Gerald contuvo la respiración y continuó caminando con todo el sigilo que pudo hasta que ese sonido volvió a romper el silencio. Se detuvo frente a una puerta; estaba totalmente convencido de que aquel inquietante sonido había sonado al otro lado de ella. Un nuevo golpe metálico le sacó de dudas. Fuera lo que fuera, procedía de aquella celda.

         –¿Qui-quién...? –balbuceó con el miedo atenazándole las cuerdas vocales.

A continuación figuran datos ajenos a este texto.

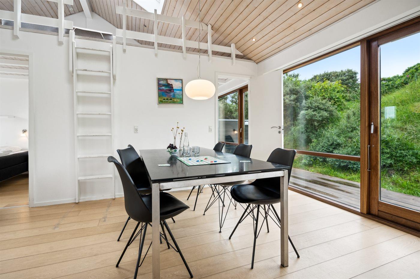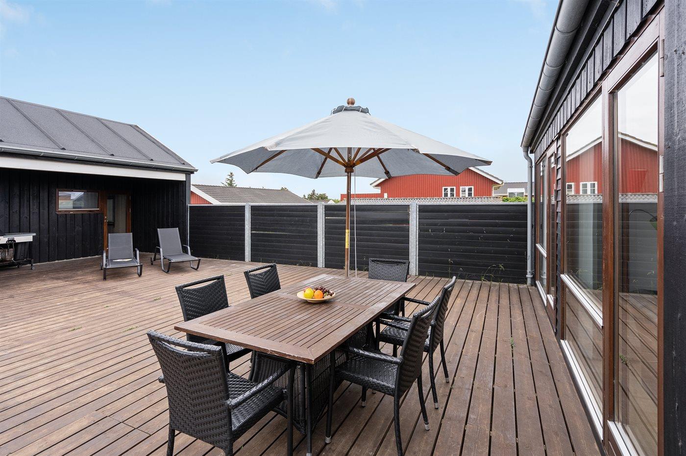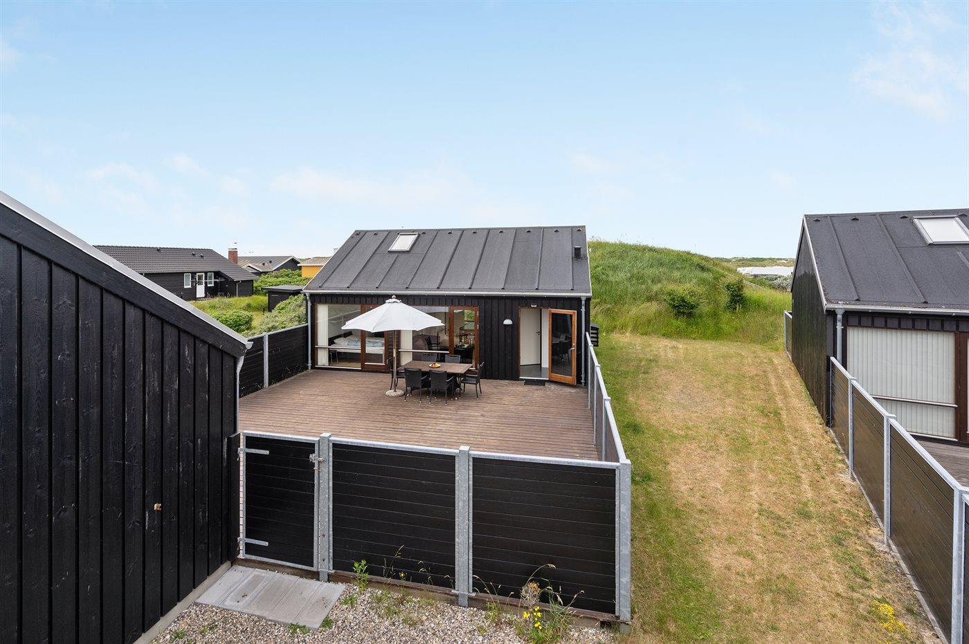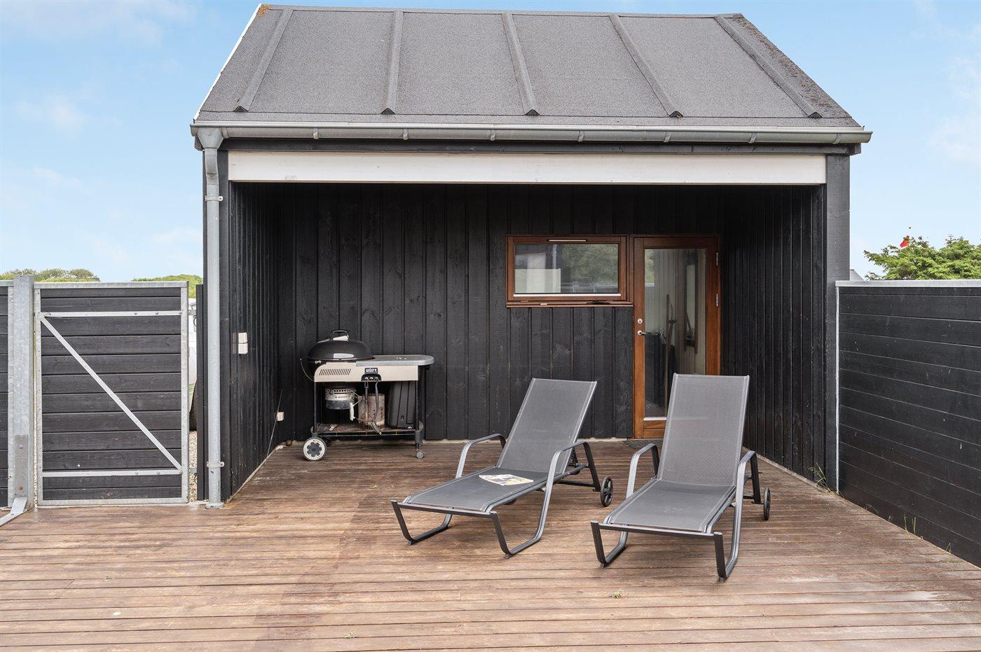 Ferieboligen er beliggende på en 300 m² stor naturgrund. Der er 200 m til havet. Nærmeste forretning er beliggende i en afstand af 100 m. Til ferieboligen hører i alt 100 m² lukket terrasse. Heraf er 8 m² overdækket. Grill til rådighed. Parkering ved ferieboligen.

         –Tú no eres Leronn –dijo repentinamente una voz al otro lado de la fría puerta. Gerald notó como se le erizaba todo el vello del cuerpo–. ¿Quién eres?

         –Yo... –contestó tras unos segundos de indecisión y con el corazón en un puño– Yo... me he perdido. ¿Qui-quién es?

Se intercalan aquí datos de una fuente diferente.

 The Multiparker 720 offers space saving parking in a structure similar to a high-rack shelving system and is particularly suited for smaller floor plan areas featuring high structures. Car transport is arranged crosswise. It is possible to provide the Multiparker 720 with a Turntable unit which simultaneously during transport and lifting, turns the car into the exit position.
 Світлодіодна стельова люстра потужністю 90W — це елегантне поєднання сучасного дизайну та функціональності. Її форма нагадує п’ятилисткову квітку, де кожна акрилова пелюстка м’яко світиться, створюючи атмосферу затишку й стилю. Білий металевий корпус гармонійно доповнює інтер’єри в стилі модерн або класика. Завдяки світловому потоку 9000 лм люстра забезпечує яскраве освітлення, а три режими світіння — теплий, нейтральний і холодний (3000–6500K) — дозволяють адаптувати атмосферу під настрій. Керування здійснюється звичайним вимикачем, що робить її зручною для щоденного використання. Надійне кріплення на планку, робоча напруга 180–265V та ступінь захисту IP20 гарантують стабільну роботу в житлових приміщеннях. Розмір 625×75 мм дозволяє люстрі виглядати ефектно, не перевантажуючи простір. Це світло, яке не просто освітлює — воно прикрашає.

         –No deberías estar aquí, muchacho –dijo la extraña voz–. ¿Cómo has conseguido entrar?

         –Yo... la biblioteca... la estantería... –balbuceó el asustado muchacho. Entonces, una cara se asomó por entre los barrotes. Un rostro que, a pesar de estar maltratado por el paso del tiempo, Gerald reconoció al instante– U-usted... Yo le conozco... Pero... ¡no puede ser! –dijo aturdido por la sorpresa– ¡Usted está muerto!